Keep learning, practicing (just don’t practice the nicking technique) and enjoy what you are doing. There is such great satisfaction at standing back and looking at a quilt top on a design board. There’s an even more incredible satisfaction and feeling when the piece becomes a quilt and is being used to comfort someone with hand-made love. Pamper yourself and have fun quilting!
Dritz Needle Threader
Dritz makes an upscale version of a traditional wire needle threader. This one has a more substantial handle and a metal plate to protect the wire and to guide the thread through the wire and ensure that the needle ends up being threaded. I have often wondered whether the wire would be too big to go through the eye of a Between – since Betweens are so small. The answer to the question is “Yes, the wire does go through the needle and the needle will get threaded.” However, it doesn’t glide easily through; mostly because of the small size.

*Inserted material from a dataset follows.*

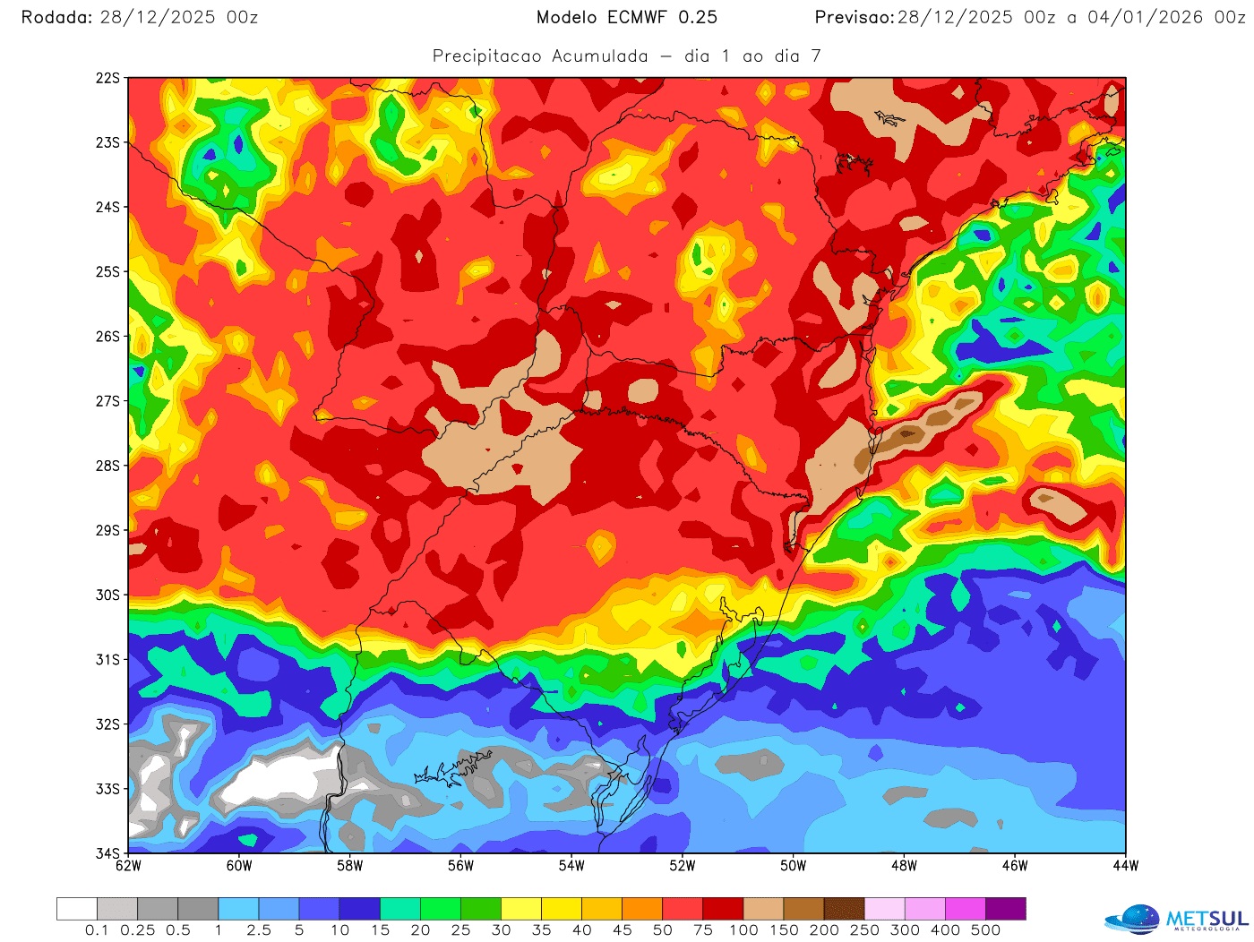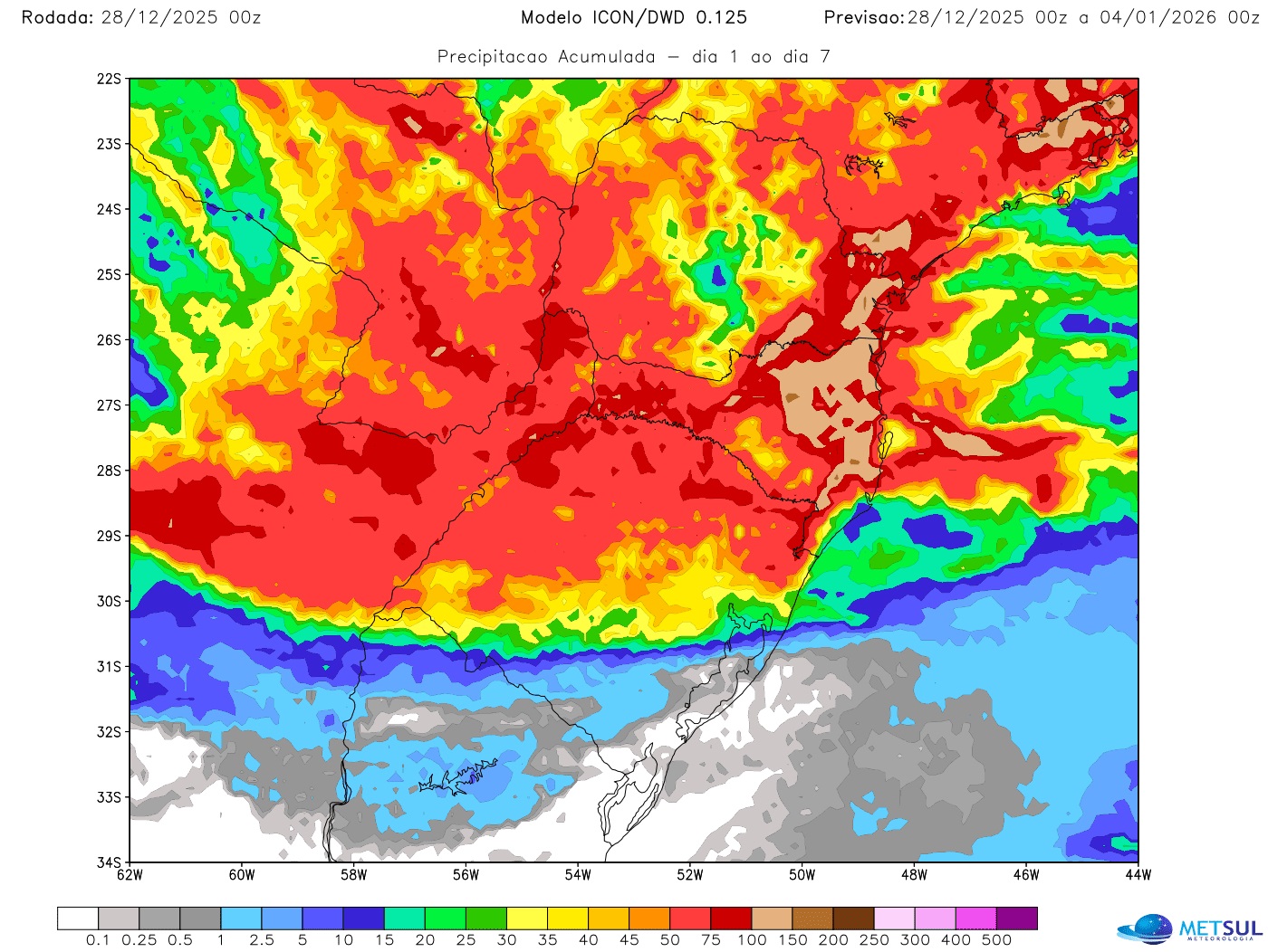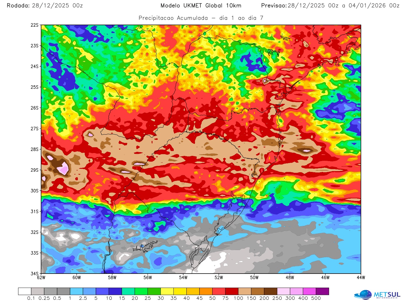 O padrão não muda muito neste últimos dias do ano e no começo de 2026 à medida que ar tropical quente e úmido permanece sobre o Sul do Brasil. Com ar tropical, ficará favorecida a ocorrência de convecção com chuva localmente forte e temporais isolados com chuva, raios e rajadas de vento forte.

The first step is to push the wire loop through the eye of the needle, and glide it along the wire until it is next to the handle and past the opening in the metal plate. For some reason, the wire kept wanting to twist itself around. It didn’t make any difference in the threader’s ability to perform, it was just rather interesting. The next step is to run your thread through the hole in the metal plate, making sure that it comes up through the center of the wire loop. It doesn’t appear to matter whether you string your thread from the bottom up or the top down – just get it through. There is also no need at this point to cut your thread, although it wouldn’t hurt if you did. I left my uncut, still on the spool (less likely to get lost).
Now slide the needle back across the wire loop, pulling the thread through the eye of the needle. This might take some effort – but not too much – if you are threading a needle with a small eye. I think there is a reason that this type of needle threader has been around for years. It is very easy to use, and works every time (as long as the thread and needle are in the right position). This model will last longer than the less expensive ones with thin handles and no guard around the wire loop.